Excerpts from a dataset
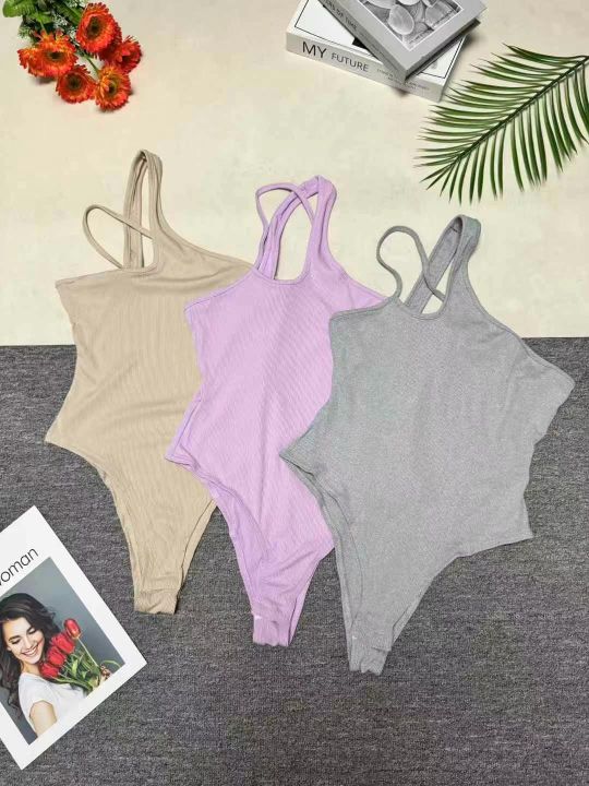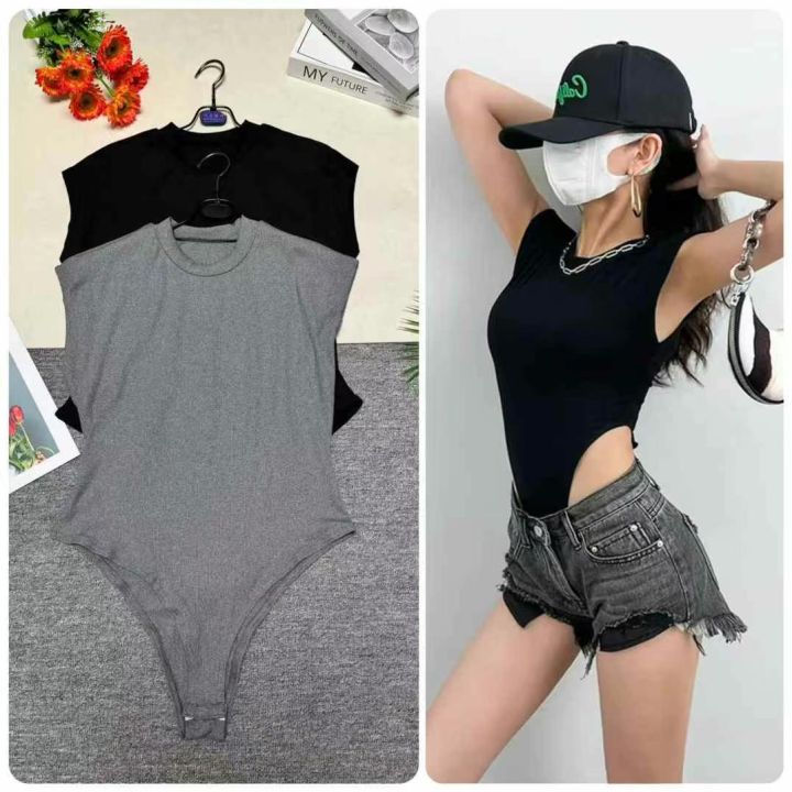 欧美风圆领修身简约辣妹潮搭纯色性感连体打底上衣,数量 500 件左右,小整杂,高弹力,全清 3.8
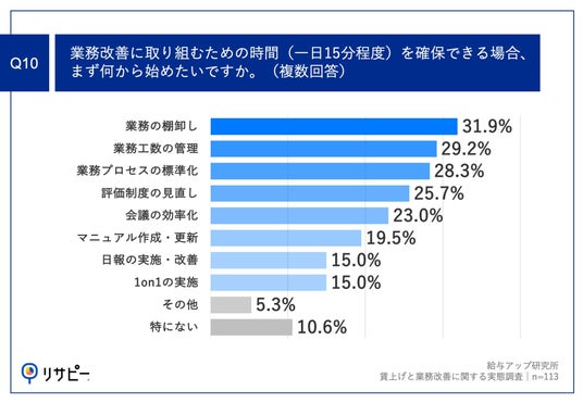 「Q10.業務改善に取り組むための時間(一日15分程度)を確保できる場合、まず何から始めたいですか。(複数回答)」(n=113)と質問したところ、「業務の棚卸し」が31.9%、「業務工数の管理」が29.2%、「業務プロセスの標準化」が28.3%という回答となりました。
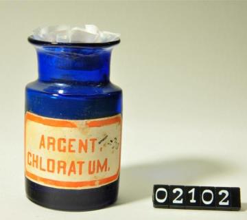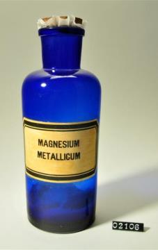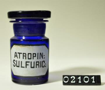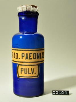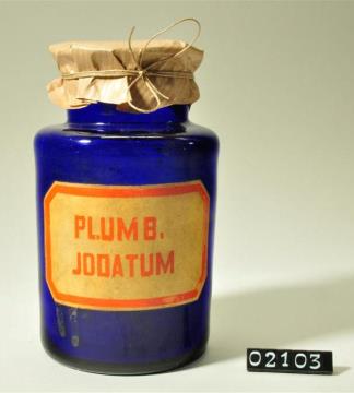 Rundes blaues Pulverglas mit Korkstopfen. Mündungsrand mit umgelegtem Faden. Leicht hochgestochener Boden. Schwarz signiert Pulvis fumalis nobilis. Enthielt Räucherpulver.
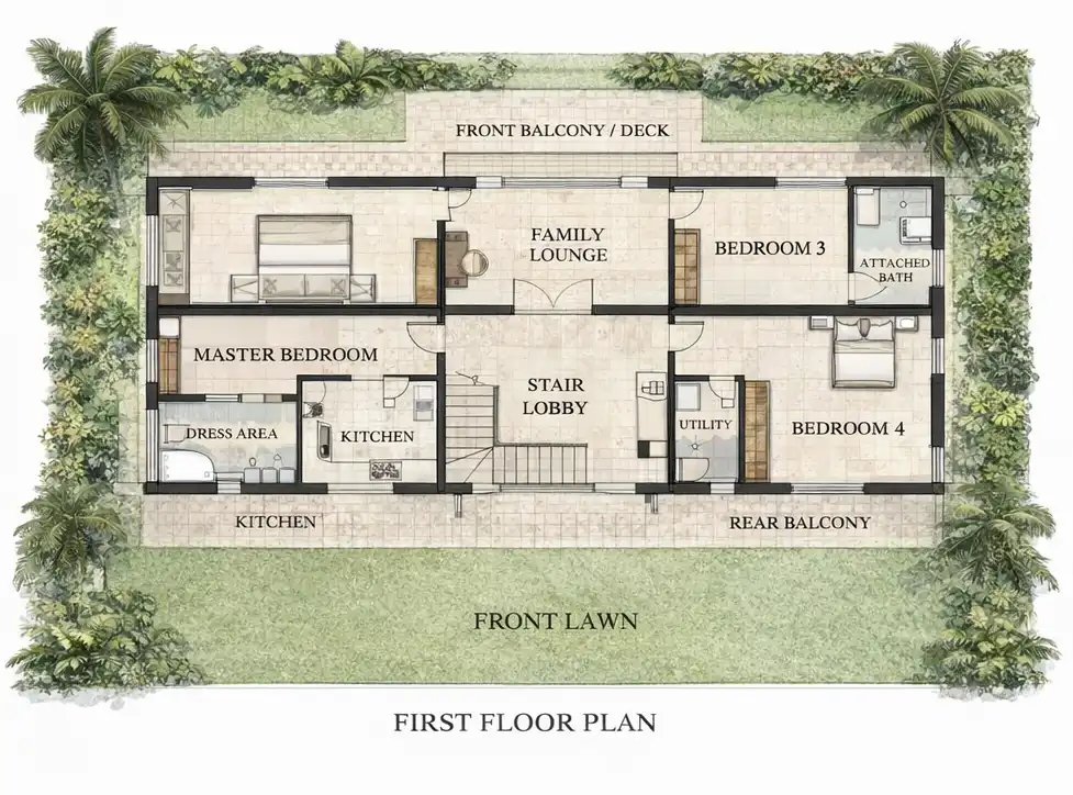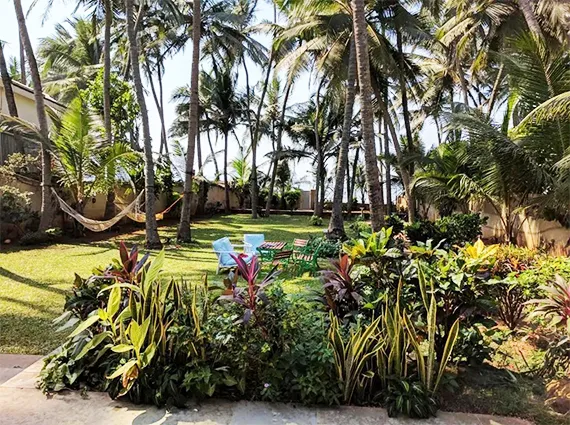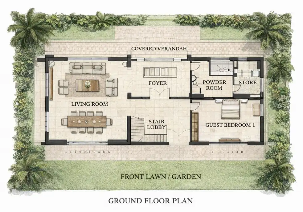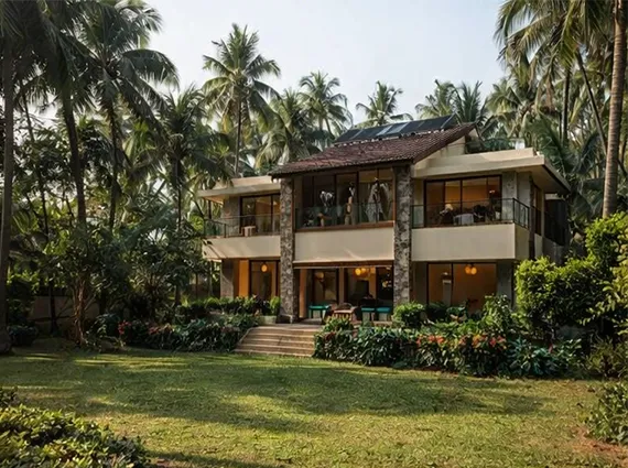 Spread across a generous 1,342.25 sq m (approx. 14,448 sq ft) plot, the property is framed by towering coconut palms, manicured lawns, and direct access to the sandy shoreline. The villa itself offers approximately 4,000 sq ft of carpet area, thoughtfully designed over two levels to maximise light, views, and indoor–outdoor living.
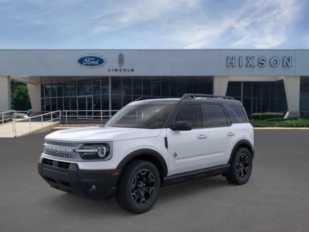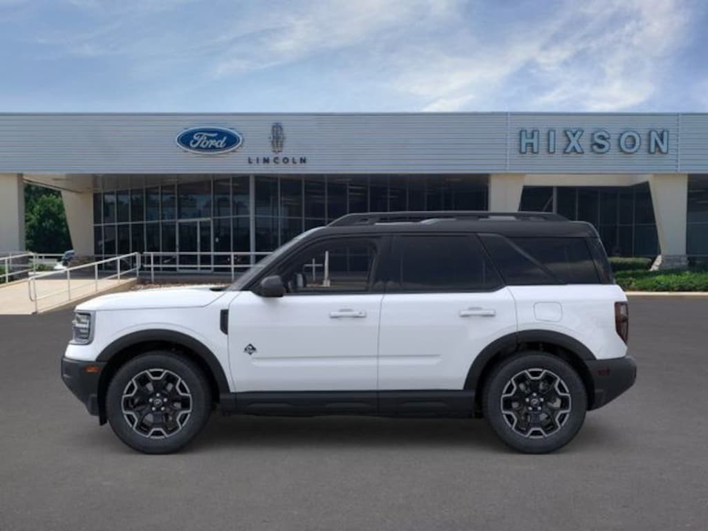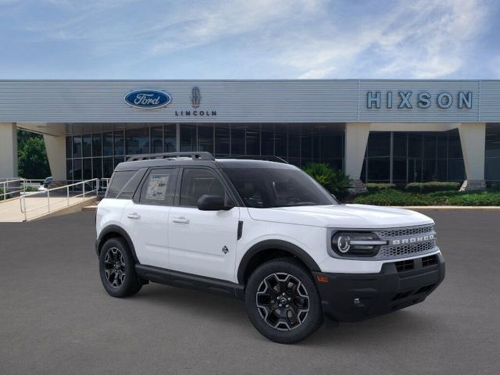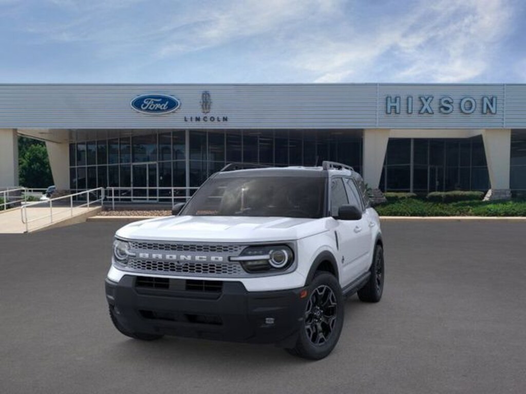 Oxford White 2025 Ford Bronco Sport Outer Banks 4WD 8-Speed Automatic 1.5L EcoBoost 4-Wheel Disc Brakes, 6 Speakers, ABS brakes, Air Conditioning, Alloy wheels, AM/FM radio: SiriusXM, AM/FM Stereo, Auto High-beam Headlights, Auto-dimming Rear-View mirror, Automatic temperature control, Brake assist, Compass, Delay-off headlights, Driver door bin, Driver vanity mirror, Dual front impact airbags, Dual front side impact airbags, Electronic Stability Control, Emergency communication system: SYNC 4 911 Assist, Four wheel independent suspension, Front anti-roll bar, Front Bucket Seats, Front Center Armrest, Front Driver/Passenger Seat Back Map Pockets, Front dual zone A/C, Front fog lights, Front License Plate Bracket, Front reading lights, Fully automatic headlights, Garage door transmitter, Heated door mirrors, Heated front seats, Heated steering wheel, Illuminated entry, Knee airbag, Low tire pressure warning, Memory seat, Occupant sensing airbag, Outside temperature display, Overhead airbag, Overhead console, Panic alarm, Passenger door bin, Passenger vanity mirror, Power door mirrors, Power driver seat, Power passenger seat, Power steering, Power windows, Premium Trimmed Front Bucket Seats w/Ebony/Roast, Radio data system, Rain sensing wipers, Rear anti-roll bar, Rear Parking Sensors, Rear reading lights, Rear seat center armrest, Rear window defroster, Rear window wiper, Remote keyless entry, Security system, SiriusXM, Speed control, Speed-sensing steering, Speed-Sensitive Wipers, Split folding rear seat, Steering wheel mounted audio controls, SYNC 4 w/Enhanced Voice Recognition, Tachometer, Telescoping steering wheel, Tilt steering wheel, Traction control, Trip computer, Variably intermittent wipers, Wheels: 18" Ebony Black-Painted Aluminum.
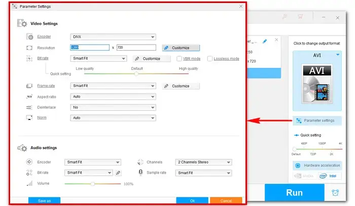 Step 4. This step is optional. After you choose AVI, the program will smart fit the video settings. If you have specific requirement for the output parameters, open ‘Parameter settings’ under the format image. Then you can modify the codecs, change video resolution, alter bitrate and frame rate, select channels, increase volume, etc. at your will. Don’t forget to save your changes by hitting ‘Ok’.
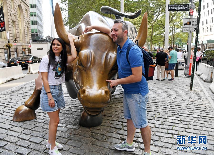 9月9日,在美国纽约,游客在华尔街铜牛前留影。
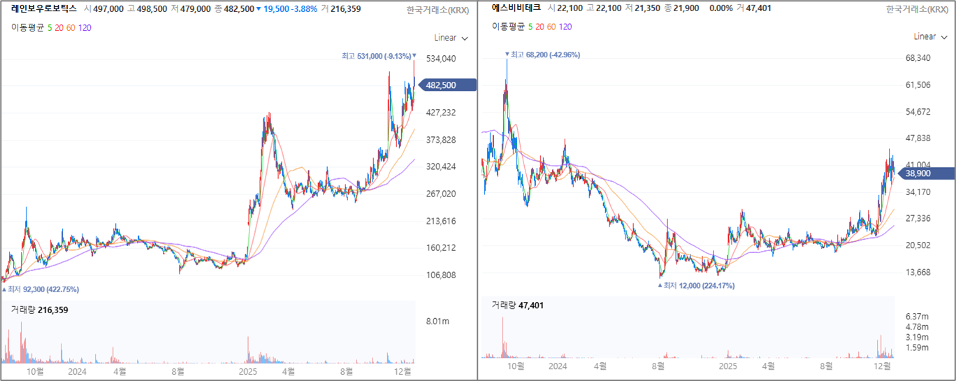 - 부품주 (SPG, SBB테크 등): 미·중 갈등으로 중국산 부품 배제 움직임이 커지면서, 정밀 감속기와 액추에이터를 국산화한 국내 소부장 기업들의 수혜가 예상됩니다.
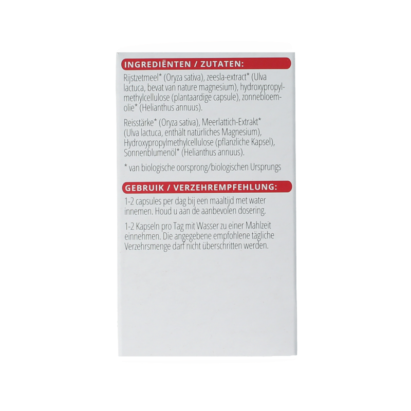 Rijstzetmeel** (Oryza sativa), zeesla-extract** (Ulva lactuca, bevat van nature magnesium), hydroxypropylmethylcellulose (plantaardige capsule), zonnebloemolie** (Helianthus annuus).

What the task asks ▸
Each entry above should be written out again exactly, without its pictures.

Task output ▸
 欧美风圆领修身简约辣妹潮搭纯色性感连体打底上衣,数量 500 件左右,小整杂,高弹力,全清 3.8
 「Q10.業務改善に取り組むための時間(一日15分程度)を確保できる場合、まず何から始めたいですか。(複数回答)」(n=113)と質問したところ、「業務の棚卸し」が31.9%、「業務工数の管理」が29.2%、「業務プロセスの標準化」が28.3%という回答となりました。
 Rundes blaues Pulverglas mit Korkstopfen. Mündungsrand mit umgelegtem Faden. Leicht hochgestochener Boden. Schwarz signiert Pulvis fumalis nobilis. Enthielt Räucherpulver.
 Spread across a generous 1,342.25 sq m (approx. 14,448 sq ft) plot, the property is framed by towering coconut palms, manicured lawns, and direct access to the sandy shoreline. The villa itself offers approximately 4,000 sq ft of carpet area, thoughtfully designed over two levels to maximise light, views, and indoor–outdoor living.
 Oxford White 2025 Ford Bronco Sport Outer Banks 4WD 8-Speed Automatic 1.5L EcoBoost 4-Wheel Disc Brakes, 6 Speakers, ABS brakes, Air Conditioning, Alloy wheels, AM/FM radio: SiriusXM, AM/FM Stereo, Auto High-beam Headlights, Auto-dimming Rear-View mirror, Automatic temperature control, Brake assist, Compass, Delay-off headlights, Driver door bin, Driver vanity mirror, Dual front impact airbags, Dual front side impact airbags, Electronic Stability Control, Emergency communication system: SYNC 4 911 Assist, Four wheel independent suspension, Front anti-roll bar, Front Bucket Seats, Front Center Armrest, Front Driver/Passenger Seat Back Map Pockets, Front dual zone A/C, Front fog lights, Front License Plate Bracket, Front reading lights, Fully automatic headlights, Garage door transmitter, Heated door mirrors, Heated front seats, Heated steering wheel, Illuminated entry, Knee airbag, Low tire pressure warning, Memory seat, Occupant sensing airbag, Outside temperature display, Overhead airbag, Overhead console, Panic alarm, Passenger door bin, Passenger vanity mirror, Power door mirrors, Power driver seat, Power passenger seat, Power steering, Power windows, Premium Trimmed Front Bucket Seats w/Ebony/Roast, Radio data system, Rain sensing wipers, Rear anti-roll bar, Rear Parking Sensors, Rear reading lights, Rear seat center armrest, Rear window defroster, Rear window wiper, Remote keyless entry, Security system, SiriusXM, Speed control, Speed-sensing steering, Speed-Sensitive Wipers, Split folding rear seat, Steering wheel mounted audio controls, SYNC 4 w/Enhanced Voice Recognition, Tachometer, Telescoping steering wheel, Tilt steering wheel, Traction control, Trip computer, Variably intermittent wipers, Wheels: 18" Ebony Black-Painted Aluminum.
 Step 4. This step is optional. After you choose AVI, the program will smart fit the video settings. If you have specific requirement for the output parameters, open ‘Parameter settings’ under the format image. Then you can modify the codecs, change video resolution, alter bitrate and frame rate, select channels, increase volume, etc. at your will. Don’t forget to save your changes by hitting ‘Ok’.
 9月9日,在美国纽约,游客在华尔街铜牛前留影。
 - 부품주 (SPG, SBB테크 등): 미·중 갈등으로 중국산 부품 배제 움직임이 커지면서, 정밀 감속기와 액추에이터를 국산화한 국내 소부장 기업들의 수혜가 예상됩니다.
 Rijstzetmeel** (Oryza sativa), zeesla-extract** (Ulva lactuca, bevat van nature magnesium), hydroxypropylmethylcellulose (plantaardige capsule), zonnebloemolie** (Helianthus annuus).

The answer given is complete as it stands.